Few middle-class people aspire to live in a 44,000-square-foot mansion like the one Bill Gates built for himself near Seattle. But by building that mansion Gates set a new norm for other exceedingly wealthy people, some of whom subsequently built mansions just as big. These giant mansions also ratcheted up the aspirations of people below them, who were rich rather than exceedingly wealthy, and who began building larger homes than they had ever lived in before. And so on down the income ladder, until the new norm reached the middle class.

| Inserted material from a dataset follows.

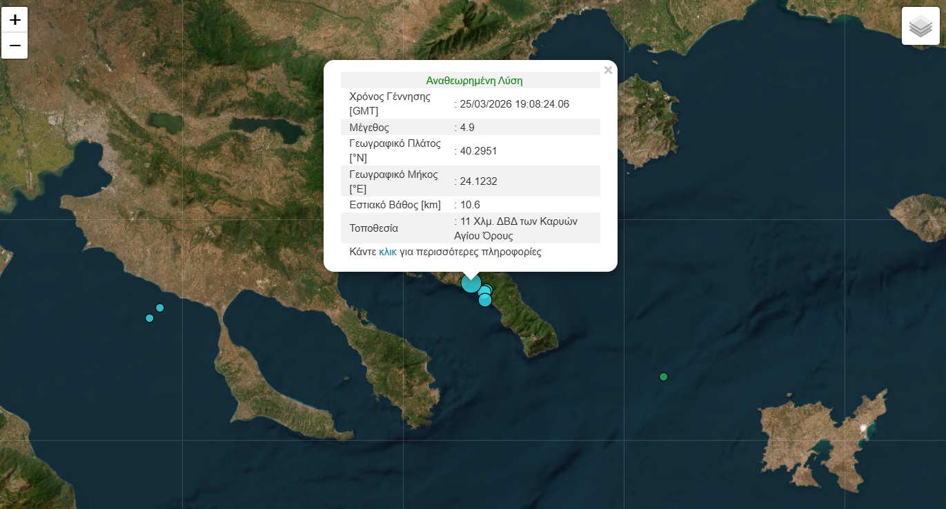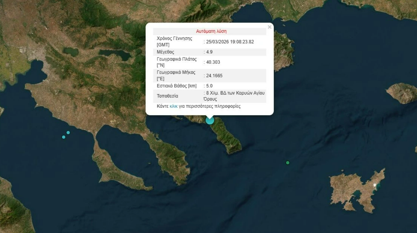 Σεισμός 4,9 Ρίχτερ σημειώθηκε το βράδυ της Τετάρτης (25/3) στο Άγιο Όρος, ενώ λίγα λεπτά μετά σημειώθηκαν μετασεισμοί 2,8 και 3,3 Ρίχτερ αντίστοιχα.
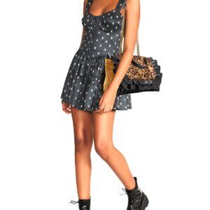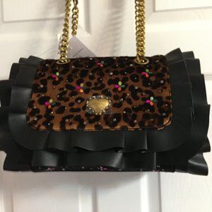 From Betsey Johnson, the Ruffle Flap Leopard Rhinestones Shoulder Bag features:

As economist Robert H. Frank has pointed out, something like this chain of comparisons helps explain why the typical new home built in the United States in 2007 (2,500 square feet) was about 50 percent larger than its counterpart built in 1977 (1,780 square feet), even though median incomes barely rose.4 A similar comparative process operated on other purchases. As the exceedingly rich threw million-dollar birthday parties and even more extravagant weddings, a chain of comparison also pushed up the price of middle-class celebrations. The typical American wedding cost $11,213 in 1980; by 2007 it cost $28,082 (both adjusted for inflation).
The middle class couldn’t really afford these homes, weddings and many of the other things it bought, which is why so many people went so deeply into debt. But by 2008 that debt option disappeared—which may help explain why, for example, the typical new home in 2009 slipped back to 2,392 square feet. Yet the chain of comparison has not disappeared.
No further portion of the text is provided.